Gabor Kaszab has posted comments on this change. ( 
http://gerrit.cloudera.org:8080/14291 )

Change subject: IMPALA-8704: ISO:SQL:2016 datetime patterns - Milestone 2
......................................................................


Patch Set 6:

(14 comments)

Thanks for taking another look!

http://gerrit.cloudera.org:8080/#/c/14291/7/be/src/runtime/datetime-iso-sql-format-parser.h
File be/src/runtime/datetime-iso-sql-format-parser.h:

http://gerrit.cloudera.org:8080/#/c/14291/7/be/src/runtime/datetime-iso-sql-format-parser.h@78
PS7, Line 78: format
> text token inside the format
Done


http://gerrit.cloudera.org:8080/#/c/14291/7/be/src/runtime/datetime-iso-sql-format-parser.h@81
PS7, Line 81: format
> text token
Done


http://gerrit.cloudera.org:8080/#/c/14291/7/be/src/runtime/datetime-iso-sql-format-parser.h@81
PS7, Line 81: and moves
            :   // '*format' to 'a'.
> I don't think part this is true.
Ideed, thx.
Done


http://gerrit.cloudera.org:8080/#/c/14291/7/be/src/runtime/datetime-iso-sql-format-parser.cc
File be/src/runtime/datetime-iso-sql-format-parser.cc:

http://gerrit.cloudera.org:8080/#/c/14291/7/be/src/runtime/datetime-iso-sql-format-parser.cc@48
PS7, Line 48:     if (tok->type == SEPARATOR && !dt_ctx.fx_modifier) {
            :       bool res = ProcessSeparatorSequence(&current_pos, end_pos, 
dt_ctx, &i);
            :       if (!res || current_pos == end_pos) return res;
            :       DCHECK(i < dt_ctx.toks.size());
            :       // Next token, following the separator sequence.
            :       tok = &dt_ctx.toks[i];
            :     }
> I'd prefer to handle strict separator matching (tok->type == SEPARATOR && d
Done


http://gerrit.cloudera.org:8080/#/c/14291/7/be/src/runtime/datetime-iso-sql-format-parser.cc@56
PS7, Line 56:     const char* token_end_pos = FindEndOfToken(current_pos, 
end_pos - current_pos, *tok);
            :     if (token_end_pos == nullptr) return false;
            :     int token_len = token_end_pos - current_pos;
            :
            :     if (dt_ctx.fx_modifier && !tok->fm_modifier && tok->type != 
TEXT &&
            :         token_len != tok->len) {
            :       return false;
            :     }
> for TEXT tokens, 'token_end_pos' and 'token_len' aren't set here. 'token_en
Done


http://gerrit.cloudera.org:8080/#/c/14291/7/be/src/runtime/datetime-iso-sql-format-parser.cc@185
PS7, Line 185: token_len == 1
> dt_ctx.fx_modifier && token_len == 1
Merged this with the loose separator handling.
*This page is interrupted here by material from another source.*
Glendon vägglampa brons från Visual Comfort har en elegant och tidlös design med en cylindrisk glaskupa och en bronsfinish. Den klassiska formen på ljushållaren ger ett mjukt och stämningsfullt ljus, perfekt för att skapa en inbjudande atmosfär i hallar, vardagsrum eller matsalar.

This case is no longer needed 
here.


http://gerrit.cloudera.org:8080/#/c/14291/6/be/src/runtime/datetime-iso-sql-format-tokenizer.cc
File be/src/runtime/datetime-iso-sql-format-tokenizer.cc:

http://gerrit.cloudera.org:8080/#/c/14291/6/be/src/runtime/datetime-iso-sql-format-tokenizer.cc@240
PS6, Line 240: strncmp(current_pos, "\\\"", 2) == 0)
> You're correct, it is null-terminated for iso-sql format strings, because t
I see. I wasn't aware that the format is not null-terminated for the 
SingleDateFormat path. Thanks for letting me know!
I'll add comments about this assumption on the IsoSqlFormat branch for both 
IsoSqlFormatTokenizer::dt_ctx_ and IsoSqlFormatParser::ParseDateTime().
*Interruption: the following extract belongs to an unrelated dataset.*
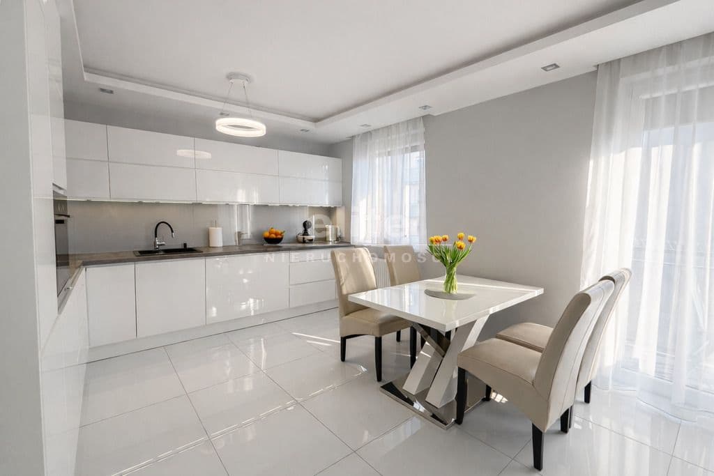 Centralnym punktem apartamentu jest elegancki salon połączony z aneksem kuchennym — przestrzeń reprezentacyjna, a zarazem niezwykle funkcjonalna. Kuchnia z zabudową wykonaną na zamówienie z wysokiej klasy materiału harmonijnie wpisuje się w całość wnętrza, tworząc spójną i ponadczasową kompozycję. Z salonu prowadzi wyjście na balkon, który stanowi idealne miejsce na poranną kawę lub wieczorny odpoczynek.

Thanks again for spotting this!


http://gerrit.cloudera.org:8080/#/c/14291/7/be/src/runtime/datetime-parser-common.h
File be/src/runtime/datetime-parser-common.h:

http://gerrit.cloudera.org:8080/#/c/14291/7/be/src/runtime/datetime-parser-common.h@134
PS7, Line 134: then
> that
Done


http://gerrit.cloudera.org:8080/#/c/14291/6/tests/query_test/test_cast_with_format.py
File tests/query_test/test_cast_with_format.py:

http://gerrit.cloudera.org:8080/#/c/14291/6/tests/query_test/test_cast_with_format.py@738
PS6, Line 738: select cast("1985-\a\b\f\n\r\t\v\'12-09" as '''
             :         r'''date format 'YYYY-"\a\b\f\n\r\t\v\'"MM-DD')
> This test is about special escape sequences but non-special chars in the te
Isn't intentional. Remained from a previous approach I had implemented to 
handle special char. I'm removing the non-special chars from this test.
Done


http://gerrit.cloudera.org:8080/#/c/14291/7/tests/query_test/test_cast_with_format.py
File tests/query_test/test_cast_with_format.py:

http://gerrit.cloudera.org:8080/#/c/14291/7/tests/query_test/test_cast_with_format.py@782
PS7, Line 782: # Strict separator matching.
             :     result = self.client.execute("select cast('2001-03-02 
03:10:15' as timestamp format"
             :         "'FXYYYY MM-DD HH12:MI:SS')")
             :     assert result.data == ["NULL"]
             :
             :     result = self.client.execute("select cast('2001-03-03 
03:10:15' as timestamp format"
             :         "'FXYYYY-MM-DD HH12::MI:SS')")
             :     assert result.data == ["NULL"]
             :
             :     result = self.client.execute("select cast('2001-03-04    ' 
as timestamp format"
             :         "'FXYYYY-MM-DD ')")
             :     assert result.data == ["NULL"]
             :
             :     # Strict token length matching.
             :     result = self.client.execute("select cast('2001-3-05' as 
timestamp format "
             :         "'FXYYYY-MM-DD')")
             :     assert result.data == ["NULL"]
> Maybe add positive tests too for these.
L778 is a positive test for FX modifier. Does that cover what you ask for?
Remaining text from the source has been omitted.